2. Will any of those interests definitely affect the lawyer’s professional judgment in representing or advising the client? If not, is it at least “reasonably” possible that they “may” affect the lawyer’s judgment?
3. If so, would a “disinterested lawyer” nevertheless believe that the lawyer’s representation of the client will not be adversely affected by the lawyer’s interests?
4. If a disinterested lawyer would conclude that the lawyer’s interests will not adversely affect the lawyer’s representation of the clients, does the client still want to hire or continue with the lawyer despite the lawyer’s interests after the lawyer has fully disclosed to the client not only the nature of the lawyer’s conflicting interests but also the manner in which those interests may affect the lawyer’s professional judgment in the matter? In other words, does the client consent to the certain or reasonably possible conflicts with the lawyer’s own interests after the lawyer has fully explained the conflicts and their possible impact on the client’s matter?
[R. Simon, Simon’s New York Code of Professional Responsibility Annotated, 336–337 (2001). For an extended version of the test, see, ABA Formal Op. 410 (1998), “Lawyer Serving as Director of Client Corporation.”]
As the ABA Committee on Professional Responsibility recognized, this approach — which is really just a modification of the analysis required for any personal interest conflict under DR 5 101(A) and Model Rule 1.7 — can work only if there are “full, free and frank discussions by the lawyer with the corporation’s executives and other board members” about potential conflicts, both at the outset of the lawyer’s board membership and as particular issues arise. [Id.] Such a methodical approach ensures that both the lawyer and his client are aware, and are able to gauge, the potential conflict of interest and proceed accordingly.
There are two other simple guidelines lawyer-directors should follow.
1. As to attorney-client privilege issues, lawyer-directors must be especially careful to ensure that any legal advice they provide remains cloaked by the privilege. Accordingly, the lawyer-director must make clear that a meeting at which he is being asked for legal advice is being held solely for that purpose. The lawyer-director should even have other firm attorneys present at the meeting, to emphasize its exclusively legal nature, and should avoid providing business advice during the session. [ABA Formal Op. 410 (1998).]

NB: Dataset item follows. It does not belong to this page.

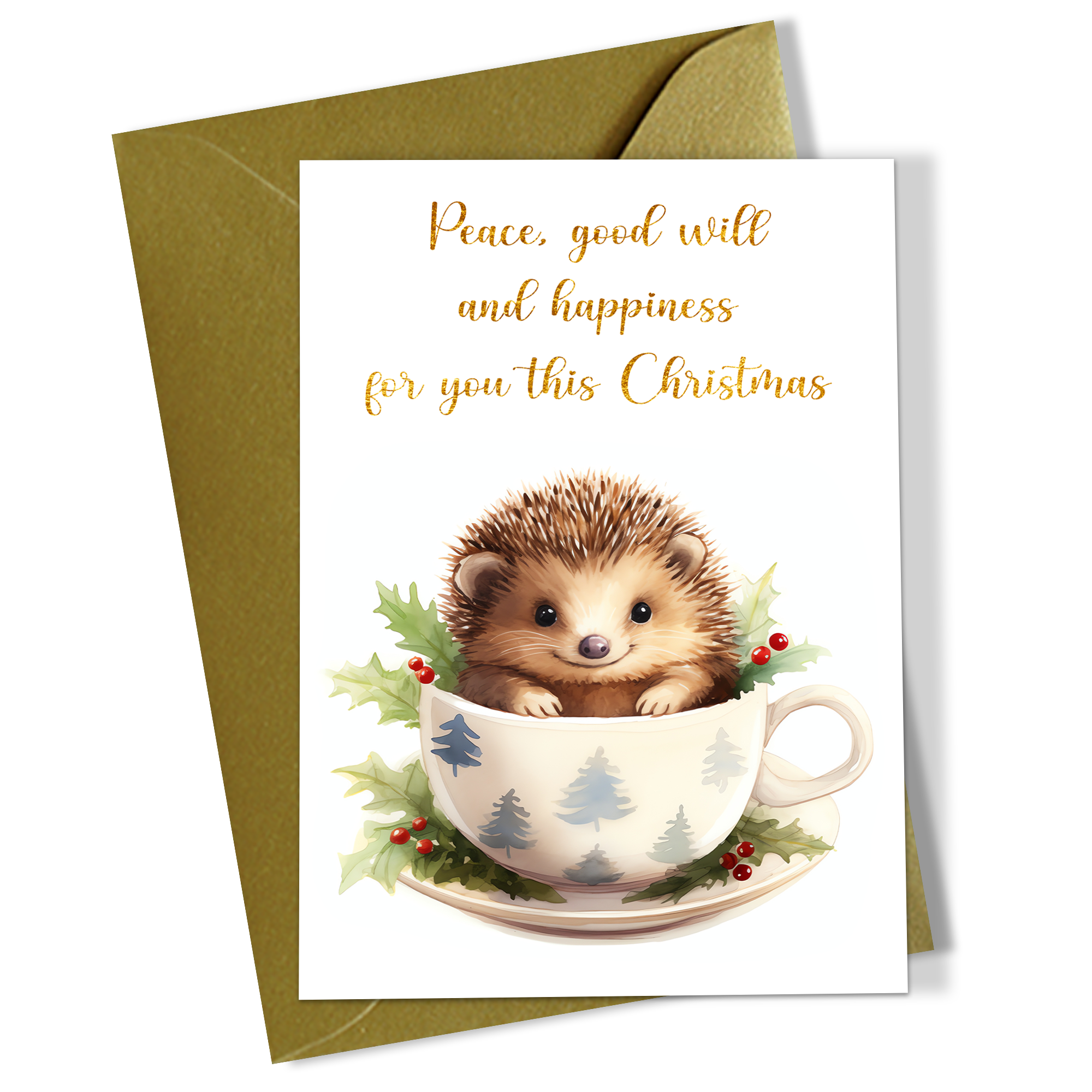 Set 5 felicitari in engleza de Craciun 10×15 cm cu plic auriu inclus – Arici – FC-124

2. Finally, the lawyer-director must avoid being placed in a position in which the interests of the lawyer’s firm may be favored over those of the corporate client. Indeed, the Association of the Bar of the City of New York has been particularly strict about this, stating, in N.Y. City 1988-5, that the lawyer-director may not participate in any board decision that will or reasonably may affect the lawyer’s personal or financial interests as counsel. Without taking such a blanket approach, the ABA also made it clear that “the prudent lawyer should at a minimum abstain from voting as a director on issues which directly involve the relationship of the corporation with her law firm. …” [ABA Formal Op. 410 (1998).]
Ronald C. Minkoff is a member of Frankfurt Garbus Kurnit Klein & Selz, P.C. Mr. Minkoff’s practice emphasizes commercial litigation and professional responsibility matters.